Product quality is one of the prime factors in ensuring consistent marketing of jackfruit. However there is no precise measurement, clear definition or standard unit to identify product quality objectively since quality is always associated with the degree of acceptance by the consumers. Qualitative evaluation of agricultural products has been of interest to many and what we call organoleptic quality could be summarized as “eating pleasure”. Many quality factors such as flavor or taste are actually related to ripeness [
1]. For jackfruit juice manufacturing industries especially, fruits received from farm should be fully ripened as to produce good quality of fruit juice. This is because only the ripened fruit has good eating quality in terms of aroma, texture, sweetness, and taste and therefore is able to produce high quality of juice. Hence monitoring and controlling fruit ripeness has become a very important issue in the fruit industry since ripeness is perceived by customers as the main quality indicator [
2]. However, until today optimal harvest dates and prediction of storage life are still mainly based on practical experience.
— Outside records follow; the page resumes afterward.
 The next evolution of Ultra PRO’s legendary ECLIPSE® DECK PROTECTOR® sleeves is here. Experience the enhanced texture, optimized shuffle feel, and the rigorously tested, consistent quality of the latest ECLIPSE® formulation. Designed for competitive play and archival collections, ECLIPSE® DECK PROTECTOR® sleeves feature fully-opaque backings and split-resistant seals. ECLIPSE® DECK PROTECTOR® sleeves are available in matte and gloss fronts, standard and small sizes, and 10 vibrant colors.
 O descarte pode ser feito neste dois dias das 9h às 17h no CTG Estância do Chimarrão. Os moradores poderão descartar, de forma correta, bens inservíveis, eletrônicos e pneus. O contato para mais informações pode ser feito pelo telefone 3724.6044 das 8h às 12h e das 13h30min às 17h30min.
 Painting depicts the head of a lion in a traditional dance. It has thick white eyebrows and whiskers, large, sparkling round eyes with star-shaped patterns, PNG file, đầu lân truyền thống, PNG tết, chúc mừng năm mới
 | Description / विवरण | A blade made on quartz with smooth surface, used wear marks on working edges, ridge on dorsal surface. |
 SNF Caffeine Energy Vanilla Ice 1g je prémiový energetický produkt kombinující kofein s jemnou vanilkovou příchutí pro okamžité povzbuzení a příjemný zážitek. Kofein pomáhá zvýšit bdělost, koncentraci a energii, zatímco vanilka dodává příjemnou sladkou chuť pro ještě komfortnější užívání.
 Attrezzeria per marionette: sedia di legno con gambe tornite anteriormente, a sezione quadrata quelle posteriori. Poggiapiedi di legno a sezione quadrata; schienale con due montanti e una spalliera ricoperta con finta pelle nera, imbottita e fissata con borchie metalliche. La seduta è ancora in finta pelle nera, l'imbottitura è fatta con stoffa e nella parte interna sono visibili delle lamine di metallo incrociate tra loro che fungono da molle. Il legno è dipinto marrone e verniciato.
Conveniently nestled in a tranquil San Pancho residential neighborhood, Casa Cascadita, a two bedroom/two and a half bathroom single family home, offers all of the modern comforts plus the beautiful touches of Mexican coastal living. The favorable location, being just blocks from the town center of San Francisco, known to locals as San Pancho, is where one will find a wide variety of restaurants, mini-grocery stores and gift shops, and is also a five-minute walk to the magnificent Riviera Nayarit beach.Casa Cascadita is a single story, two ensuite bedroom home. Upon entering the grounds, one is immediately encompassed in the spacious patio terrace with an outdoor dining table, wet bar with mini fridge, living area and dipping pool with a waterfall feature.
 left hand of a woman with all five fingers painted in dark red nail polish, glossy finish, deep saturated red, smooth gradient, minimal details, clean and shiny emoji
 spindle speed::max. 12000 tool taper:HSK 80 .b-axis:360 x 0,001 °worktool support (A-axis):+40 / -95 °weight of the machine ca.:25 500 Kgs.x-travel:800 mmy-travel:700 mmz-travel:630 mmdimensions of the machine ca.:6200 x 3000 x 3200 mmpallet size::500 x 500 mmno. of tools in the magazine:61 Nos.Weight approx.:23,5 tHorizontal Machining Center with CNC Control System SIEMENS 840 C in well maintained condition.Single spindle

Leaving these critical decisions to subjective interpretation implies that large quantities of fruit are harvested too soon or too late and reach manufacturers in poor condition [
3]. In most industries today, human sensory panels are still the key role of QA/QC (quality assurance/quality control) in product quality monitoring. This however when used in production facilities have been time consuming and expensive to operate. This has been attributed to reliance on-plant personnel who are subjected to typical economic and personal issues such as sickness, emotions, absenteeism, scheduling conflicts, lay offs, attrition, etc. [
4]. Given these challenges, a simple but reliable QA/QC analytical technique is highly desired by the fruit industries. The present paper is devoted to analytical evaluation of the disposable sensor strips performance for the description or monitoring of analysis pertaining to quality assurance of jackfruit.
A study towards the development of a simple but reliable, one-shot, disposable sensor strip which functions on a new concept of global selectivity is currently done by Universiti Sains Malaysia. The disposable strip, coupled with chemometric principle is capable of providing chemical fingerprint that represent a combination of all the chemical components, ideally suitable for simple, real-time testing and monitoring of jackfruit ripeness and taste. The basic principle behind the disposable sensor system is to combine non-specific and overlapping sensors signals with pattern recognition routines. The sensor array in this system produces signals, which are not specific for any particular components in the samples. The signal pattern generated is related to certain features or qualities of the sample. These qualities can be determined by a computer trained to recognize the class of response patterns related to the sample under study. This is thus a similar correlation to how the human sensing organs produce signal patterns to be qualitatively interpreted by the brain [
5]. The disposable sensor strip is a replacement to the conventional electrodes, which is bulky and expensive. The sensor array is an integration of working electrodes and reference electrode together in a single strip based on screen-printing technology, in order to miniaturize and to simplify the instrumentation for decentralized analysis. Screen-printing technology is particularly attractive for the production of disposable sensors. The ‘memory effect” between one sample to another is avoided, and the phenomenon referred to as “electrode fouling” which is one of the main drawbacks of the electrochemical sensors is overcome. As the sensor described here is targeted for one-time used, hence sterilization or cleaning to avoid contamination is no longer needed and sensor durability or usage lifetime, which is particularly important for conventional electrode, is also no longer an issue, which needed to be taken into consideration. Besides that, common problem related to conventional sensors like sensor respond drifting due to leaching of active agents in the membrane is also overcome as the membrane sensor is always new prior to use [
6].